The depth of inspection and non-destructive testing will depend upon the process for testing and inspection used, the step height in terms of the deposition depth of material in each layer and, where used, ultrasound wave properties in the materials concerned. Typically, the inspection depth will be in the order of 20 to 300 microns with step/layer heights ranging between 20 to 100 microns or ultrasound frequencies in the order of 10 to 100 MHz or higher subject to material process geometry evaluation requirements and availability of such isolators. As indicated, incremental inspection and testing could be continuous or at discrete processing intervals, such as between pulses of irradiation used for consolidation of layers. In the above circumstances, it will be appreciated that the non-destructive testing and inspection device will act over a relatively small inspection site with dimensions in the order of a few square millimetres and, therefore, the resolution of inspection will be improved although each of these inspection sites will be incremental in terms of providing a whole object component volume inspection with significantly higher resolution than previous post-forming inspection processes, including x-rays.
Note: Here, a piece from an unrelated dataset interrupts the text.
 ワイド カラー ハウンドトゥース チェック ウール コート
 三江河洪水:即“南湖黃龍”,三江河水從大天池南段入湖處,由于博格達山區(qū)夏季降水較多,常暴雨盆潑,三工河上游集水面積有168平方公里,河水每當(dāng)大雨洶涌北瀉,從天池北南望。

The present method and apparatus will allow integration with existing automation with regard to material layer deposition and consolidation. It will be understand that, particularly with regard to consolidation of layers, it is important to provide positional co-ordination and orientation to enable the object to be formed. Such positional co-ordination and orientation will be automated and, therefore, through a feed-back control mechanism with the present inspection and testing method and apparatus, it will be understood that adjustments to the consolidation and/or material deposition processes may be achieved to improve deposition accuracy and quality and so improve the final object form, and material characteristics. The feedback control mechanism may involve neural network control of parameters for real time optimisation.
As indicated above, the non-destructive testing processes in accordance with the present invention will generally be ultrasound or electrical eddy current inspection, but may also include vibrational spectroscopy and energy dispersive technology.
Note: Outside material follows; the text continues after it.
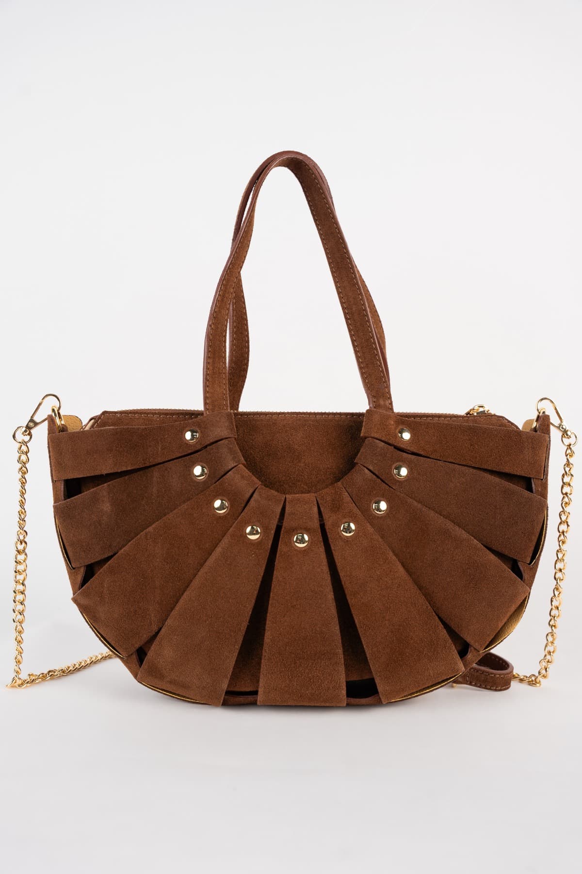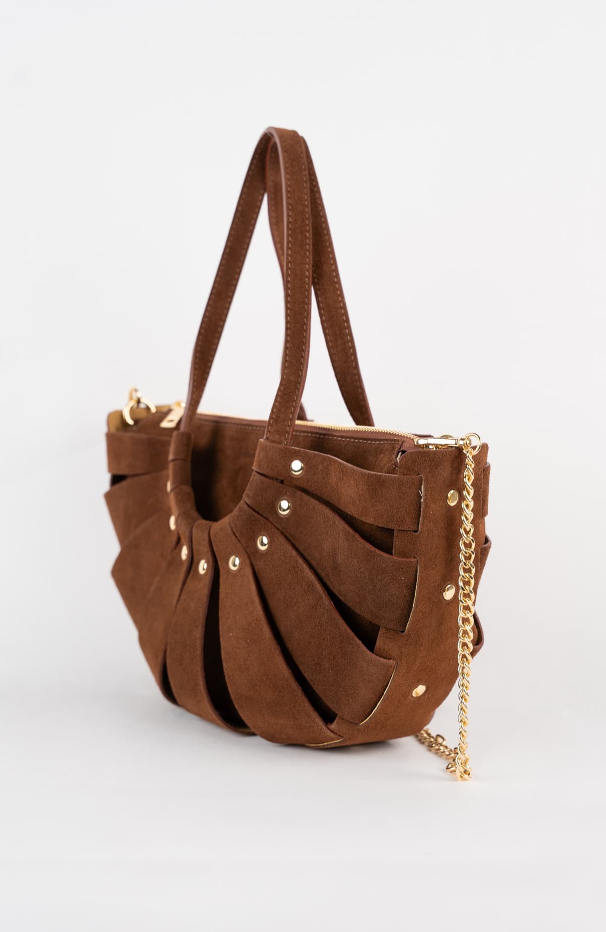 Découvrez MINI SPARTI, l’accessoire qui capture l’esprit de l’élégance de Maison Héritage. Façonné en cuir de vachette suède, il déploie une silhouette en forme de demi-lune ponctuée de clous décoratifs couleur or. Son double compartiment ingénieux, sécurisé par une fermeture zippée, allie originalité intemporelle à la praticité de l’essentiel. Dimensions : 29 cm x 18 cm x 5 cm (longueur x hauteur x largeur)

In the case of ultrasound, the ultrasound signal will be generated by a laser or electron beam heating a grid-type pattern on the surface, this heating would be rapid and pulsed. Potentially the same laser optics or some system elements could be common (i.e. fibre optic delivery and focussing mirrors) with the two systems (DLD and ultrasound generation/detection). The ultrasound system if laser based would probably need a different laser source and a specification which is different (high frequency pulsation required—for example, in excess of 500 kHz) although the laser wavelength could be common—hence the optical interchangeability. The laser ultrasound system could be located 10 mm to 15 mm above the deposited surface of the growing component depending upon the component surface roughness. The laser has pulse durations which last of the order of 1 ns, energies would be of the order of 10 W/cm⁻¹. The laser detectors could work on either reflected beam deflection or interferometry.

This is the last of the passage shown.